Researchers discover recessive ReNU2 syndrome, a hidden genetic condition affecting thousands, linked to a deficiency in non-coding U2-2 RNA.

By: AXL Media

Published: Mar 30, 2026, 4:11 PM EDT

Source: Information for this report was sourced from Mount Sinai Health System

A Landmark Discovery in Genomic Medicine

In a significant advancement for pediatric genetics, a global research coalition led by the Icahn School of Medicine at Mount Sinai has identified what appears to be the most prevalent recessive neurodevelopmental disorder (NDD) ever documented. The study, published in the March 30 issue of Nature Genetics, describes a condition rooted in the RNU2-2 gene, a small non-coding segment of the human genome. This discovery provides a long-sought molecular explanation for thousands of families worldwide who have previously lacked a definitive diagnosis for their children’s developmental challenges, potentially reshaping the landscape of clinical genetics.

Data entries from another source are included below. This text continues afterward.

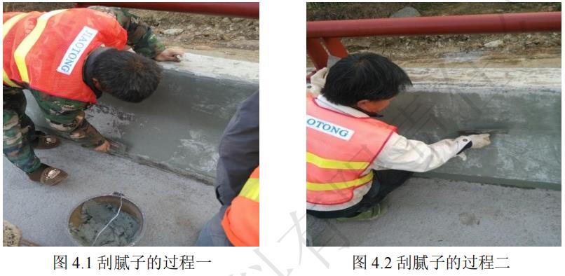 第四道工序:用混凝土結構修補專用找平材料刮批填平整混凝土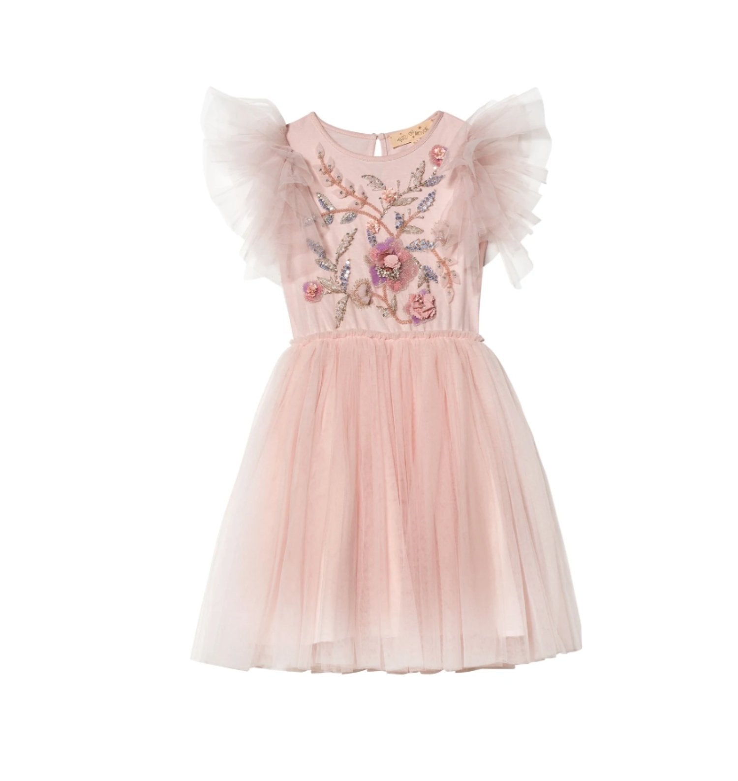 Inspired by the beauty of delicate blooms, the Grace Tutu Dress is ethereal, elegant, and enchanting. This stunning piece is bold and breezy, featuring a striking applique of sequins and beads nestled among the delicate Porcelain Pink tulle ruffles that decorate the bodice and neckline. A full tulle skirt falls from the waistline, while delicately pleated cap sleeves complete the stunning look.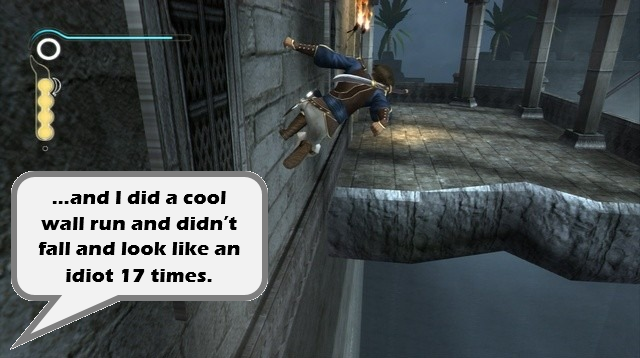 It’s a shame that the 2008 version of Prince of Persia did away with this notion. In that game, your magic sidekick Elika would intervene at the moment of your death. You could never fall to your doom because the floaty lady could throw you back to solid ground. This was another clever way of coping with the player’s clumsiness, but Prince’s tendency to misremember his own story added to his charm.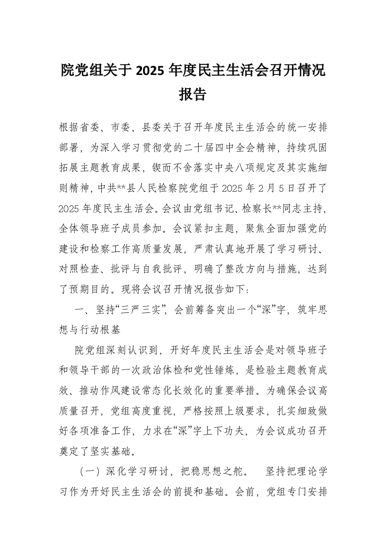 首页写作素材院党组关于2025年度民主生活会召开情况报告
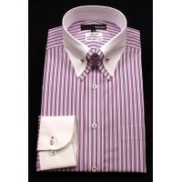 スリム 長袖 Wガーゼ ワイシャツ 形態安定 クレリック ボタンダウン 綿100% パープル×白ストライプ 4,212円 |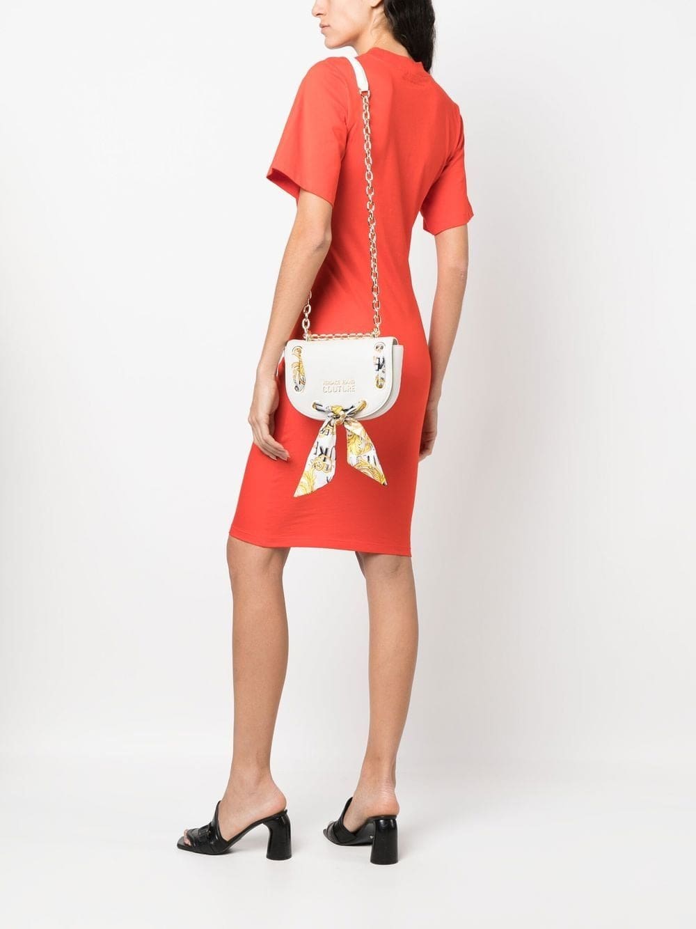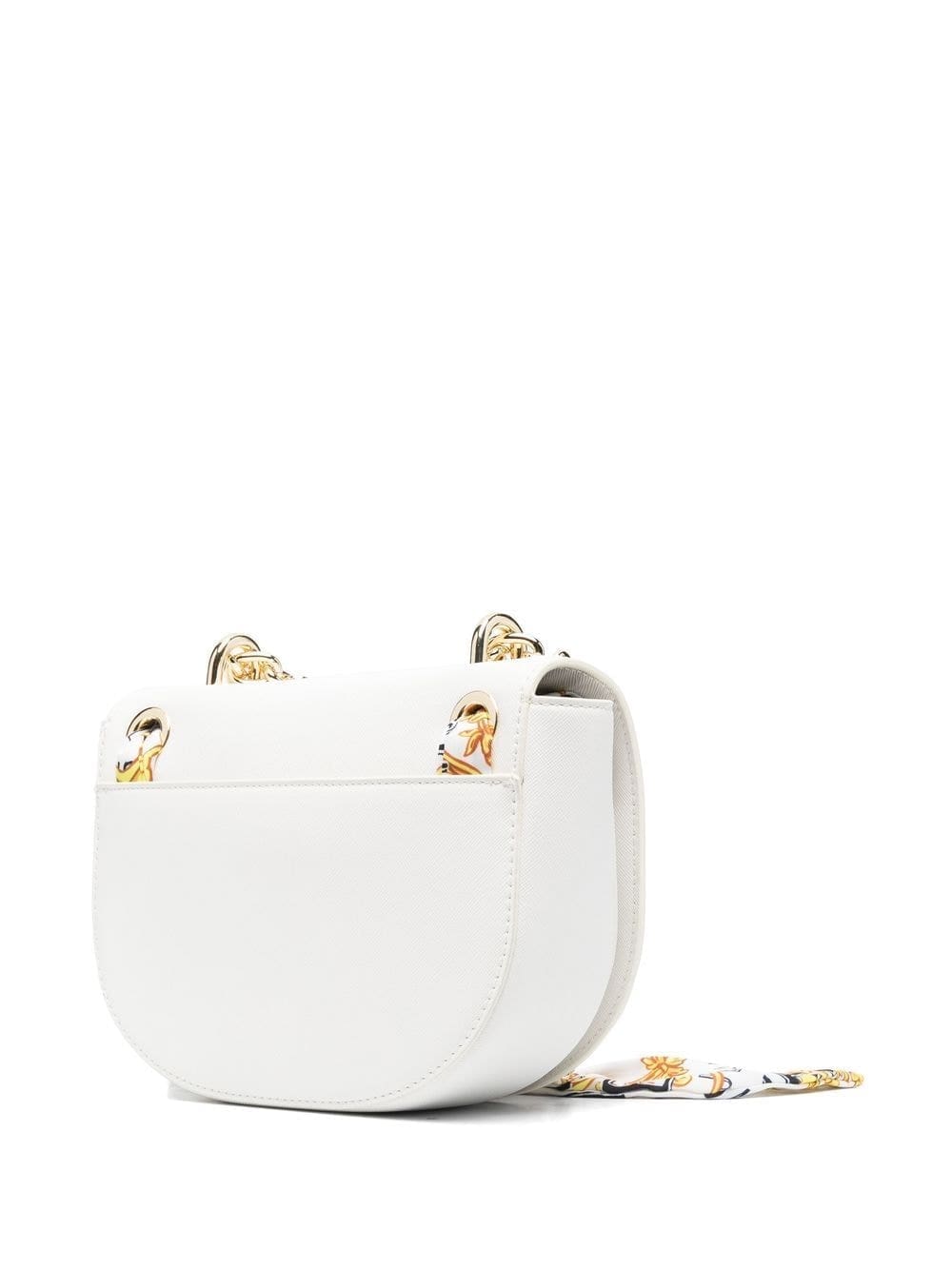 white faux leather grained texture gold-tone logo lettering internal logo plaque baroque-pattern print faux-leather and chain-link shoulder strap main compartment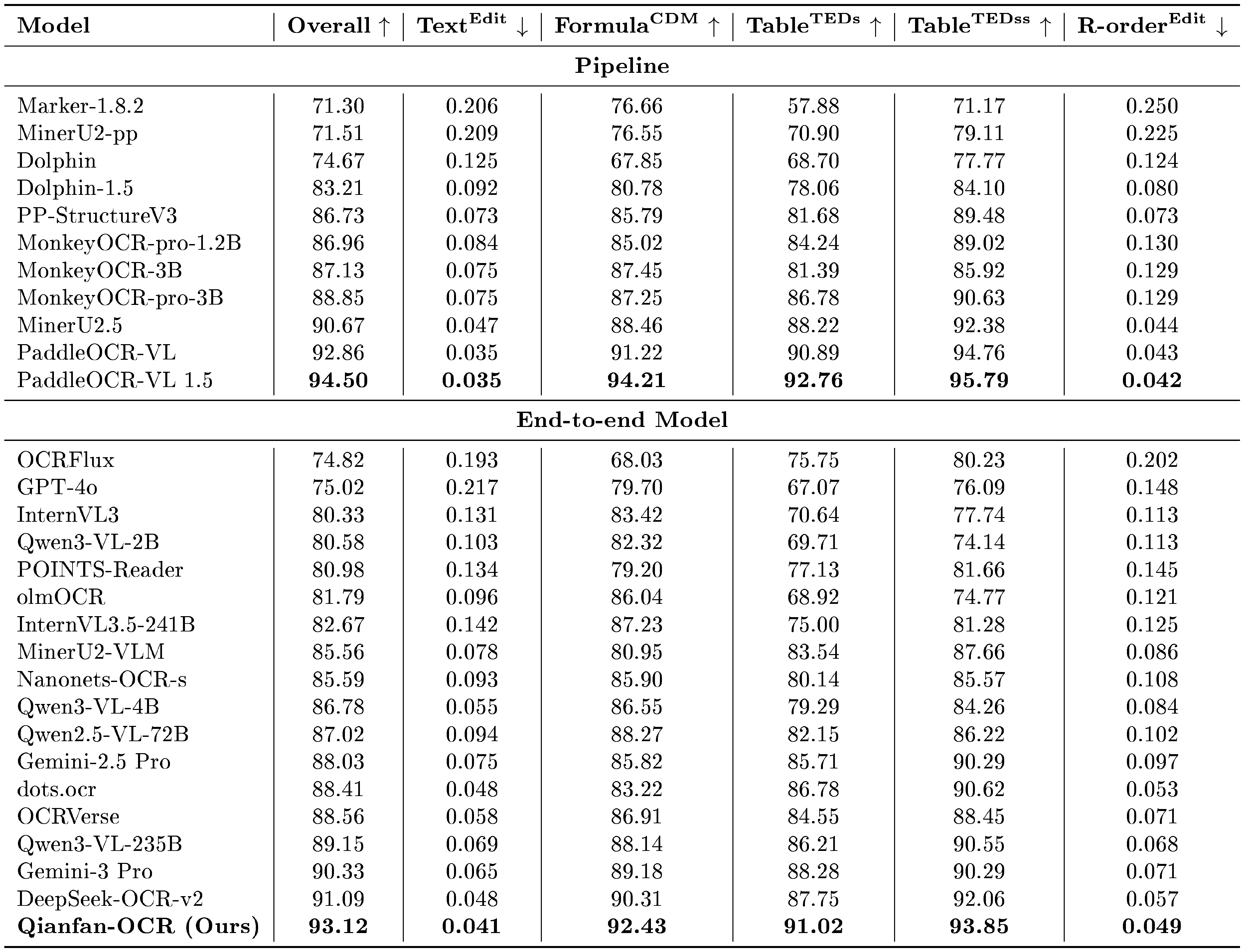 Table 4 presents results on OmniDocBench v1.5. Among end-to-end models, Qianfan-OCR achieves the highest overall score of 93.12, surpassing DeepSeek-OCR-v2 (91.09), Gemini-3 Pro (90.33), and all other end-to-end models across every sub-metric. Notably, Qianfan-OCR also outperforms several pipeline systems including MinerU2.5 (90.67) and MonkeyOCR-pro-3B (88.85), narrowing the gap with the top pipeline system PaddleOCR-VL 1.5 (94.50).

The Biological Basis of Recessive ReNU2 Syndrome

The disorder is characterized by a near-total absence of a specific molecule known as U2-2 RNA. Unlike many well-known genetic conditions that involve protein-coding genes, this syndrome involves a non-coding gene that produces functional RNA molecules. In most cases, children inherit one altered copy of the RNU2-2 gene from each parent. While the parents remain unaffected carriers, the combined genetic deficiency in the child disrupts critical pathways in brain development. This finding highlights the growing importance of the "dark matter" of the genome, non-coding regions that do not make proteins but are essential for neurological health.

Spectrum of Symptoms and Clinical Presentation

The clinical manifestation of recessive ReNU2 syndrome is notably diverse, reflecting how the underlying RNA deficiency impacts each individual differently. Common symptoms reported by the research team include low muscle tone, limited speech, and significant developmental delays. Some affected children exhibit mild learning difficulties or traits associated with autism, while more severe cases involve epilepsy, movement disorders, and respiratory complications. While early brain imaging may appear unremarkable, the researchers noted that structural changes in the brain can become more apparent as the child ages.